I'd get dizzy and nearly pass out. This is about four years ago. My wife

got me on the Internet. The first article I found talked about Dr.

Haissaguerre's work. After about a half year of research and living in

medical school libraries, it seemed to me that the French Bordeaux group

was light years ahead of everyone else. I wrote and called Dr.

Haissaguerre and asked him to treat me. It wasn't easy. They hadn't

discovered PV Potentials yet. When I got to Bordeaux, my A-Fib symptoms

disappeared---like taking your car to the garage. I had to have two

eight hour ablations, but I haven't had a symptom since. At 61-years-old

I'm an enthusiastic sprinter in Master's Track---100 meters, 200 meters.

My main event is the 400 meters but I'm not in good enough shape yet to

do it competitively. I also do some distance running with my limit being

the 5K.

I wrote a diary-like account of my experience in France for a Doctor

friend.
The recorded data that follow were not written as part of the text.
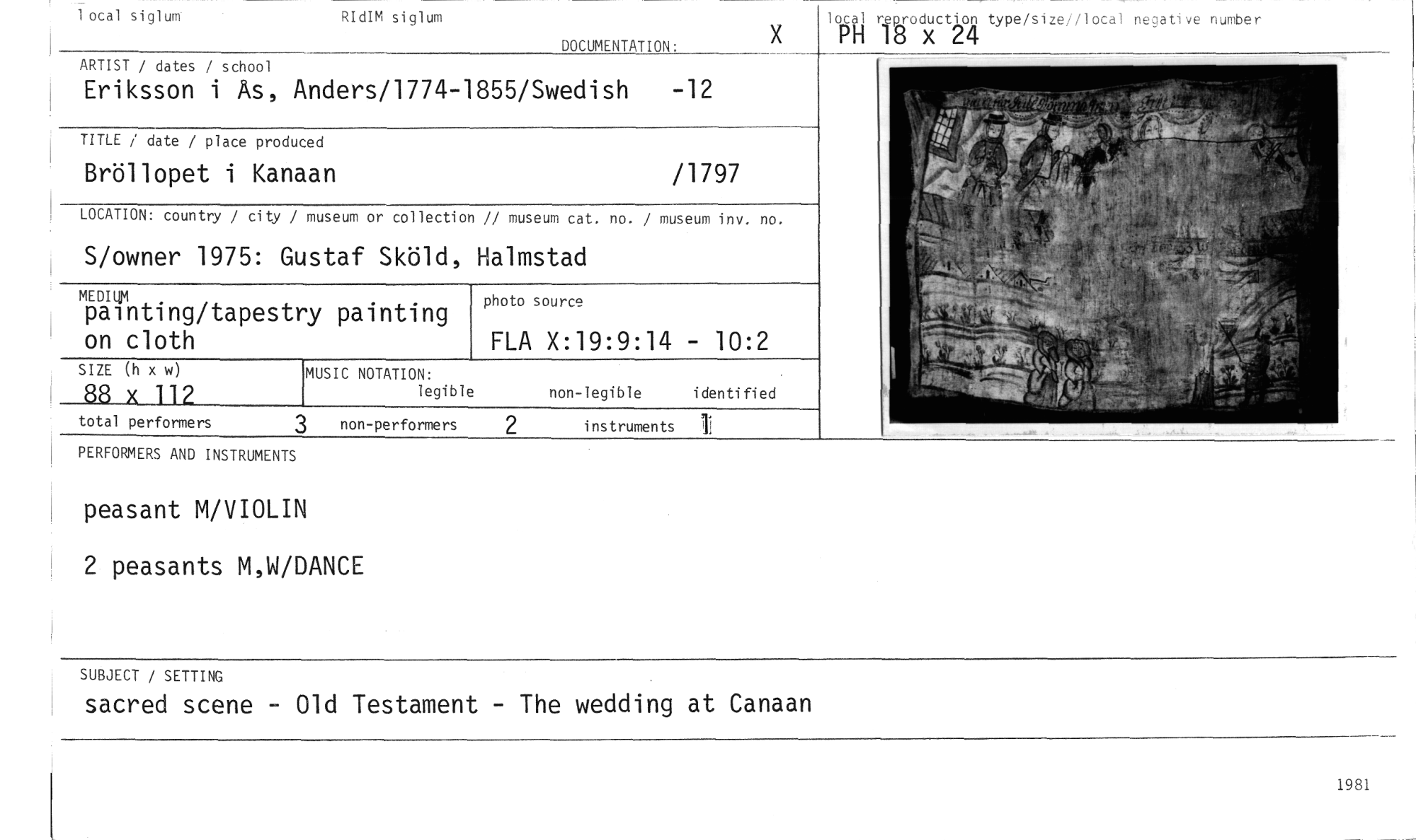 //// iocal siglum RIdIM siglum //// localPH reproductio24n type/size//local negative number //// 18 x //// DOCUMENTATION: //// 1981 //// 3 //// total performers //// non-performers instruments //// MUSIC NOTATION: //// legible //// non-legible identified //// ARTIST / dates / school //// Eriksson i As, Anders/1774-1855/Swedish -12 //// TITLE / date / place produced //// Bröllopet i Kanaan /1797 //// LOCATION: country / city / museum or collection // museum cat. no. / museum inv. no. //// S/owner 1975: Gustaf Sköld, Halmstad //// MEDI14 //// painting/tapestry painting on cloth //// SIZE (h x w) //// 88 x 112 //// PERFORMERS AND INSTRUMENTS //// peasant M/VIOLIN //// 2 peasants M,W/DANCE //// photo source //// FLA X:19:9:14 - 10:2 //// SUBJECT / SETTING //// sacred scene - Old Testament - The wedding at Canaan ////
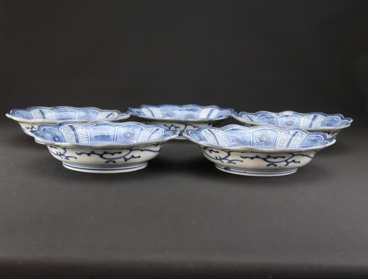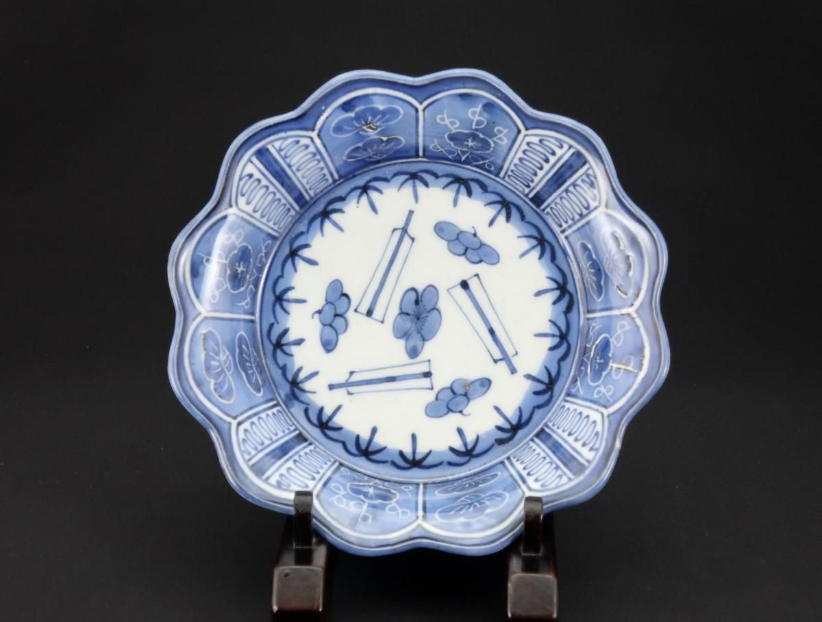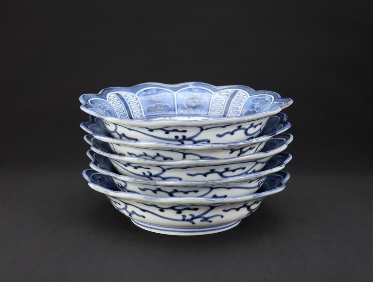 伊万里染付松竹梅文輪花形皿 五枚組 / Imari Blue & White Flower-shaped Plates set of 5
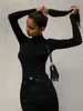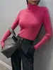 Suéter de Punto de Cuello Alto Medio, Nuevo Estilo Europeo y Americano para Otoño e Invierno, Elegante Color Sólido Ajustado Cálido Capa Interior Top de Manga Larga
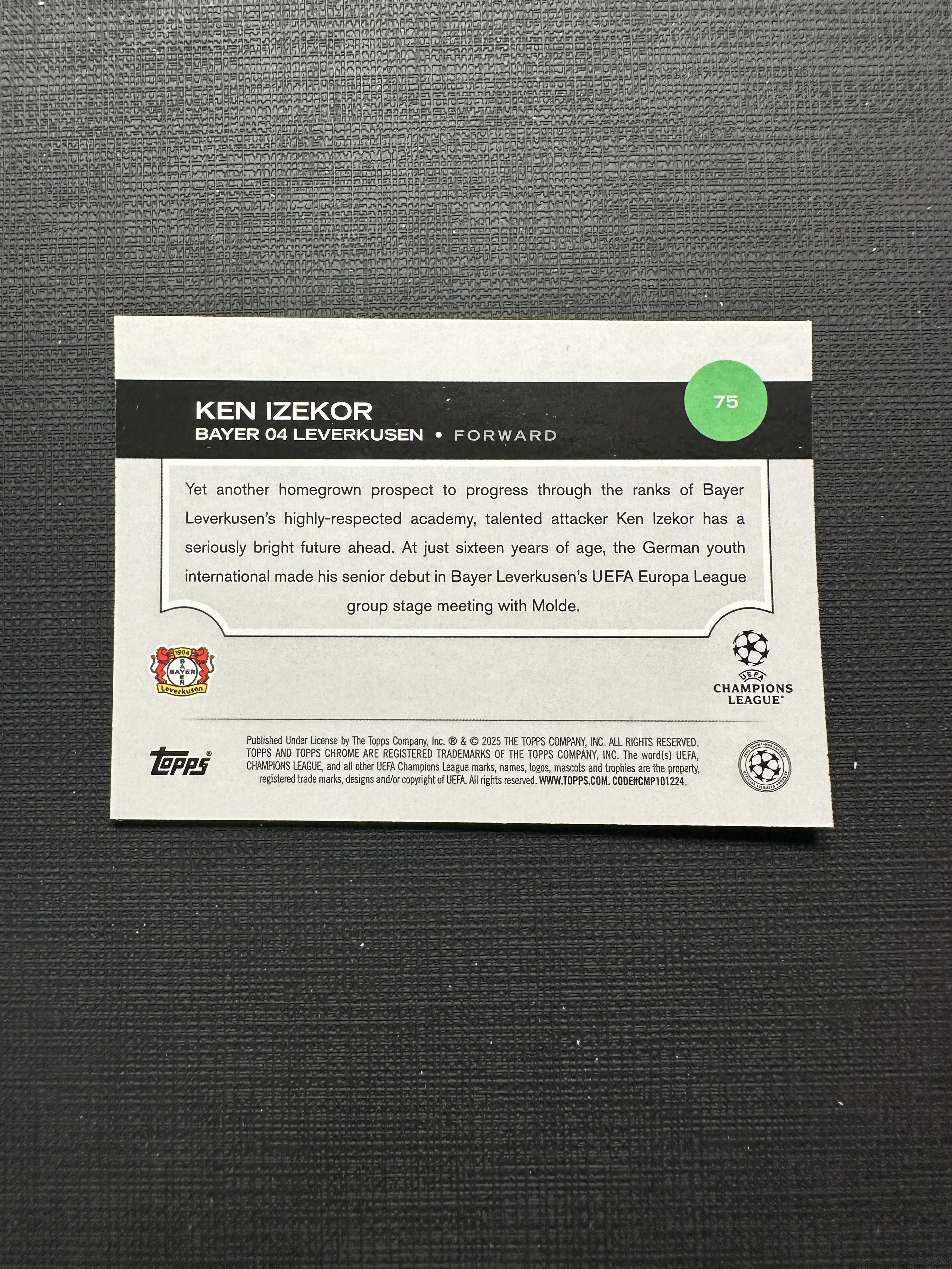 2025 Topps Chrome Ken Izekor RC 伊泽科尔 新秀 勒沃库森 欧冠 TC 粉折188/250编【卡品如图 不累计 不到付】王1
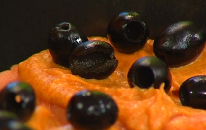 Зняти з вогню готовий соус і викласти приблизно по 3 ст. л. на кожен стейк. Прикрасити кожен із них зверху трьома оливками.![]()
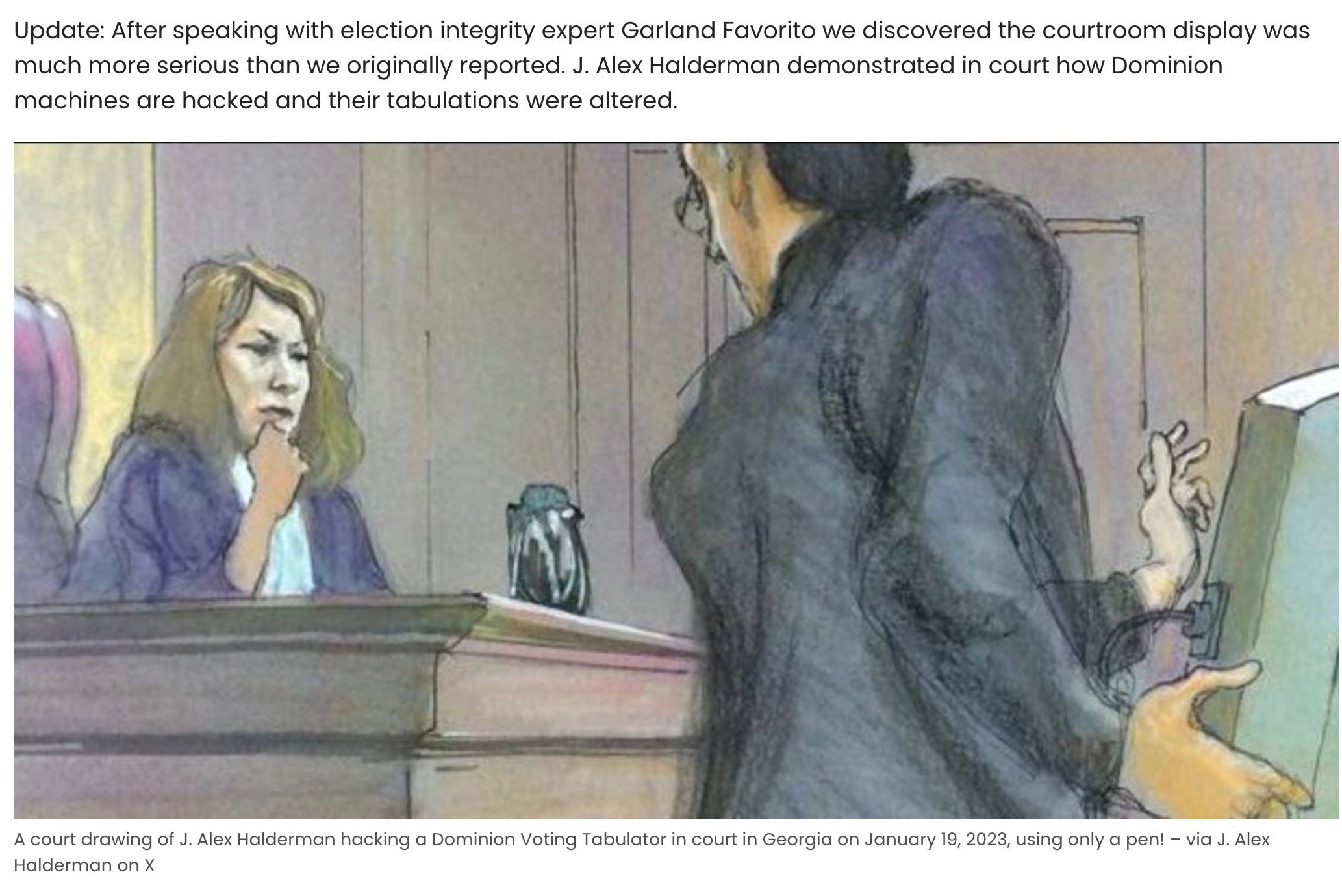 As best I can figure from Jim Hoft’s reporting, Georgia Secretary of State Raffensberger released a redacted report from the U Mich security expert last June, but the full report is now available. But Hoft did not link to it. Maybe I am too tired to figure out this story. But the story of voting machines getting into a courtroom and being hacked in front of a judge last January was to juicy for me not to share.
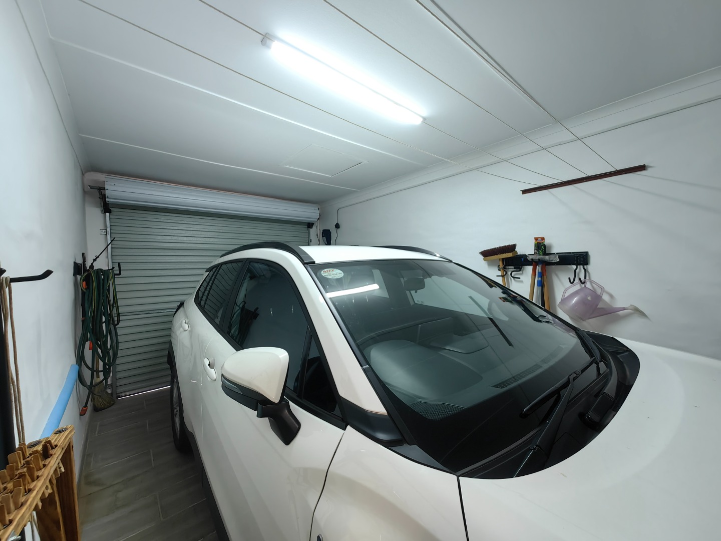 The automated garage offers direct access into the home and includes additional fittings, with extra parking available for convenience.
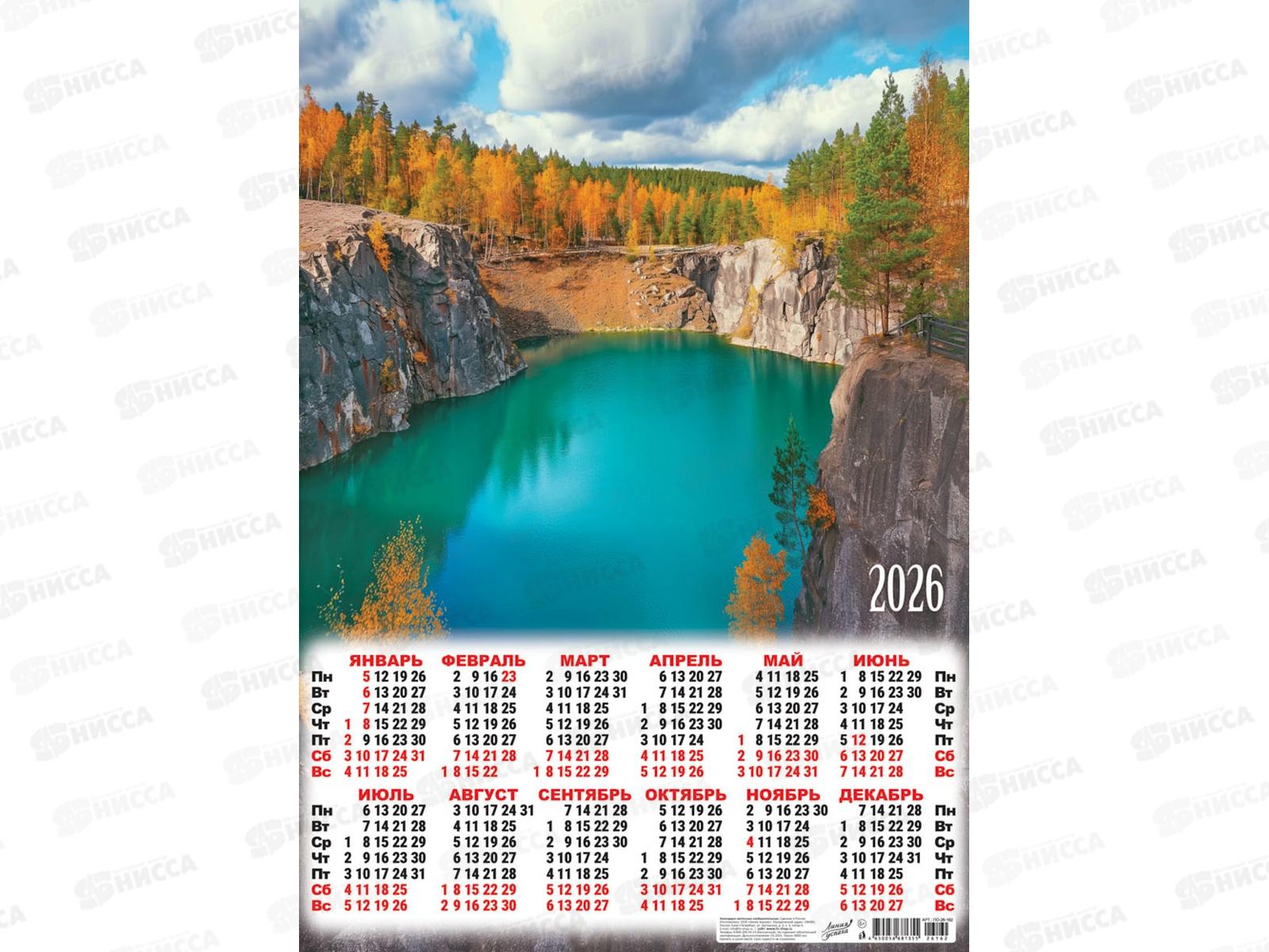 • Календарь листовой 2026 А2 ЛиС Природа. Лазурный каньон, ПО-26-162 *100

It is attached, though by now it's really out of date compared

to today's technology.

From today's overcast Malibu, CA---the runner's paradise.

Codling, wrote:

>

> Hi Steve, now you have your mails sorted out a very big welcome to the

> group.

>

> I think we have something in common that we have both had ablations

> and I believe you had your in France as I did . there are three of us

> in this club at the moment.

>

> I would be very happy if you would post you history and how you came

> to France from the USA.

>

> Best regards

>

> john C Sunny and hot Hornchurch. its 30+c at the moment.

>

>

> **********************************************************************

> This message may contain information which is confidential or privileged.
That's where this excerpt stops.